WHAT THE TASK ASKS: Please return each of the entries exactly, minus their pictures.

RECORDED DATA:
[Start of Attachment]

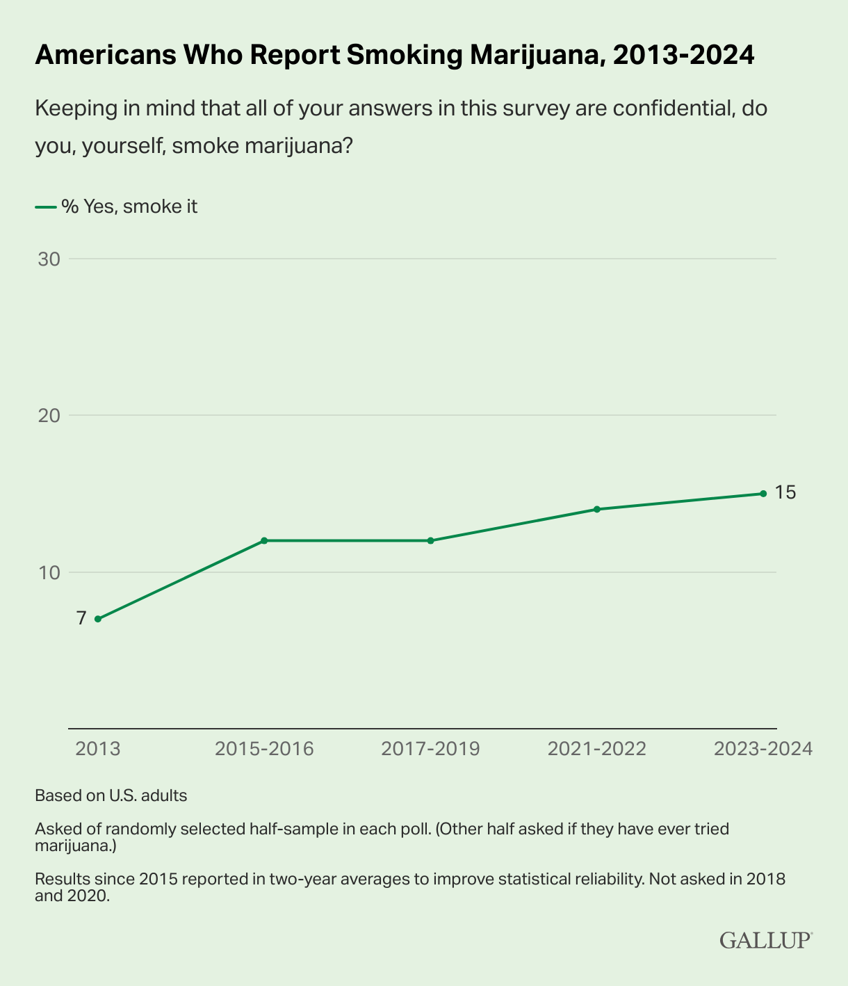 In de Gallup-peiling die 1 november werd vrijgegeven, zegt 15% van de Amerikanen dat ze in 2023/2024 wiet hebben gerookt. Nog maar elf jaar geleden, in 2013, gaf nog slechts 7% van de mensen aan dat ze cannabis gebruikten. Meer dan een verdubbeling dus in een decennium!
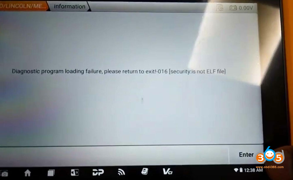 OBDSTAR G3 Diag Program Loading Failure Error 016 Solution
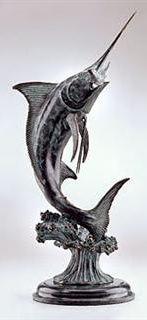 Marlin Bronze Sculpture - 22"H 10.5"W 8 "D - Great Attention To Detail - Beautiful Finish - Lost Wax Cast
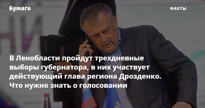 В выборах участвуют действующий губернатор Александр Дрозденко и три кандидата, которые в 2015 году уже проиграли ему с большим отрывом. Еще трех кандидатов, в том числе от КПРФ, не допустили до голосования из-за муниципального фильтра
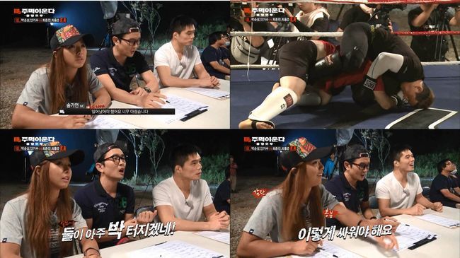 지옥의 전지훈련 첫날 밤에 기습적으로 열린 대결인 만큼, 2대2 태그매치에서는 승부를 예측할 수 없는 혈투가 계속된다. 송가연은 순간적인 역습에 충격패를 당한 도전자를 보며 “아!” 하는 외마디 탄성을 지르는가 하면, 강력한 펀치러시로 상대를 압박하는 도전자에게는 “그래, 저렇게 싸워야 돼요!”라고 외치는 등 한껏 흥분한 어조로 목소리를 높인다. 도전자 모두가 실력발휘를 했으면 하는 바람에 마치 응원하듯 경기를 중계하게 된다는 제작진의 전언이다.

[End of Attachment]

SOLUTION TO THE PROBLEM:
 In de Gallup-peiling die 1 november werd vrijgegeven, zegt 15% van de Amerikanen dat ze in 2023/2024 wiet hebben gerookt. Nog maar elf jaar geleden, in 2013, gaf nog slechts 7% van de mensen aan dat ze cannabis gebruikten. Meer dan een verdubbeling dus in een decennium!
 OBDSTAR G3 Diag Program Loading Failure Error 016 Solution
 Marlin Bronze Sculpture - 22"H 10.5"W 8 "D - Great Attention To Detail - Beautiful Finish - Lost Wax Cast
 В выборах участвуют действующий губернатор Александр Дрозденко и три кандидата, которые в 2015 году уже проиграли ему с большим отрывом. Еще трех кандидатов, в том числе от КПРФ, не допустили до голосования из-за муниципального фильтра
 지옥의 전지훈련 첫날 밤에 기습적으로 열린 대결인 만큼, 2대2 태그매치에서는 승부를 예측할 수 없는 혈투가 계속된다. 송가연은 순간적인 역습에 충격패를 당한 도전자를 보며 “아!” 하는 외마디 탄성을 지르는가 하면, 강력한 펀치러시로 상대를 압박하는 도전자에게는 “그래, 저렇게 싸워야 돼요!”라고 외치는 등 한껏 흥분한 어조로 목소리를 높인다. 도전자 모두가 실력발휘를 했으면 하는 바람에 마치 응원하듯 경기를 중계하게 된다는 제작진의 전언이다.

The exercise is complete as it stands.